2. The insertion device of claim 1 , wherein the distal end of the device includes a U-shaped portion adapted for receiving an end of the lead.
3. The insertion device of claim 1 , wherein the device is formed of a biocompatible material.
4. The insertion device of claim 1 , comprising equally spaced distance markers on the outer surface of the tube.
5. An implantation device for subcutaneous placement of a lead at a desired location, comprising:
a hollow tube having a proximal end and a distal end, the tube having a longitudinal opening extending from the proximal end to the distal end, the opening sized to receive the lead along the length of the opening, the distal end having a sharpened angled edge for penetrating living tissue, the edge having a U-shaped portion adapted for receiving one end of the lead; and
said lead comprising an elongated electrically conductive wire having a proximal end and a distal end, the distal end of the lead comprising an electrode having a “fish hook” shaped contour adapted for retention thereof by the U-shaped portion of the hollow tube during placement of the lead electrode at the desired location.
6. The implantation device of claim 5 , wherein the hollow tube is formed of a biocompatible material.
7. The implantation device of claim 5 , wherein the hollow tube and the electrically conductive lead include spaced apart distance markers along their respective lengths for measuring the depth of insertion of the hollow tube and the lead below the surface of a patient's skin.
8. The implantation device of claim 5 , wherein the longitudinal opening is sized to provide at least for the removal of the lead therethrough upon completion of the placement of the lead electrode at the desired location.
9. The implantation device of claim 5 , wherein the lead comprises a wire having shape memory, the wire being flexible to provide for deformation thereof in a first state and returning to its memory in shape in a second state.

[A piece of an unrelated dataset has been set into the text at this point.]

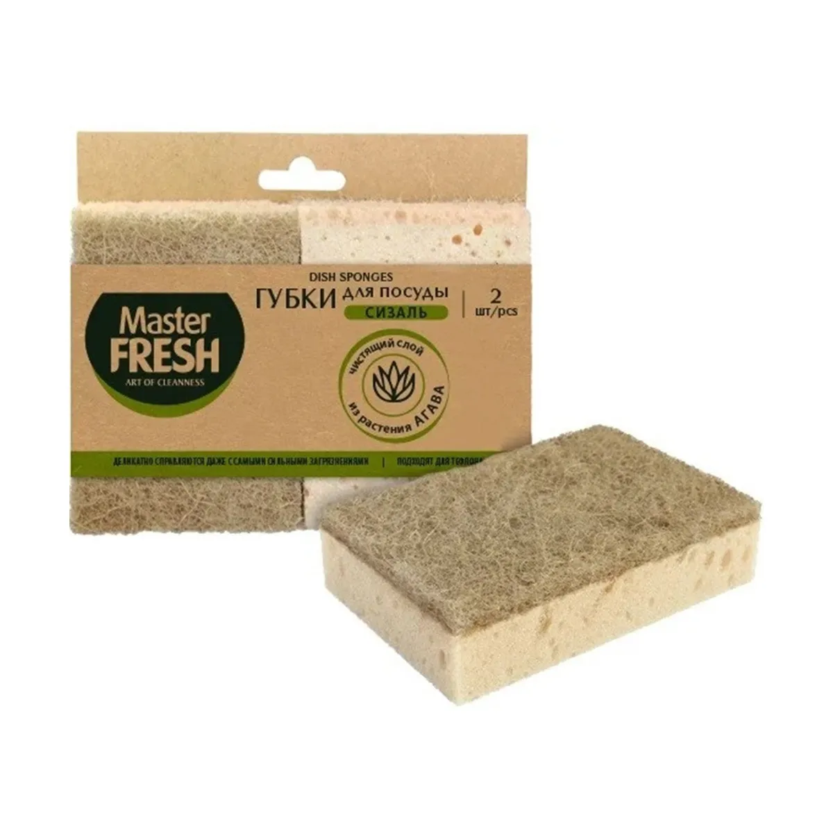 Целлюлозные губки Master Fresh – это уникальное сочетание целлюлозы и сизаля. Чистящий слой сизаль – это экологически-чистый материал, получаемый из листьев растения агава. Не содержит абразивных частиц, идеально подходит для уборки деликатных поверхностей из тефлона, закалённого стекла, акрила и пластика, но при этом великолепно справляется с сильными загрязнениями.

10. An implantation device for subcutaneous placement of a lead proximate to a neuromuscular pathway in living tissue, comprising:
a hollow tube having a proximal end and a distal end,
the tube having a longitudinal opening extending from the proximal end to the distal end,
the opening sized to receive the lead along the length of the opening,
the distal end having a sharpened angled edge for penetrating living tissue, and
said lead comprising an elongated electrically conductive wire having a proximal end and a distal end, the distal end of the wire having an electrode adapted for placement in contact with or adjacent to a desired neuromuscular pathway.
11. The device of claim 10 , wherein the longitudinal opening extends essentially in a uniform straight direction between the proximal end and the distal end of the hollow tube.

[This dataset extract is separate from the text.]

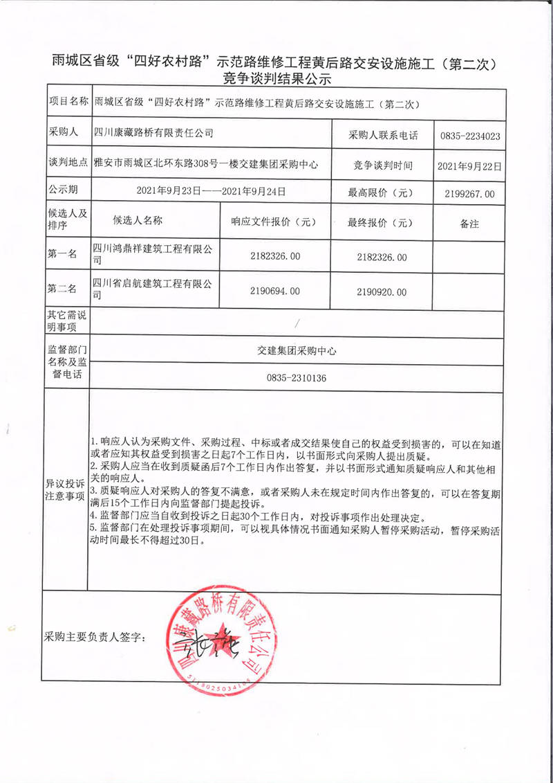 四川康藏路橋有限責任公司雨城區(qū)省級“四好農(nóng)村路”示范路維修工程黃后路交安設(shè)施施工(第二次)競爭談判結(jié)果公示

12. The device of claim 10 , wherein the lead comprises a wire having a shape memory, wherein the electrode has a memory in the shape of a wrap, the wrap dimensioned for encircling a desired neuromuscular pathway.
13. The device of claim 12 , wherein the lead electrode is sufficiently flexible so as to be capable of being straightened in profile while within the hollow tube and to return to its memory in shape as the electrode is released from the hollow tube.
14. The device of claim 13 , wherein the electrode comprises an electrical contact secured in an electrically insulating pad.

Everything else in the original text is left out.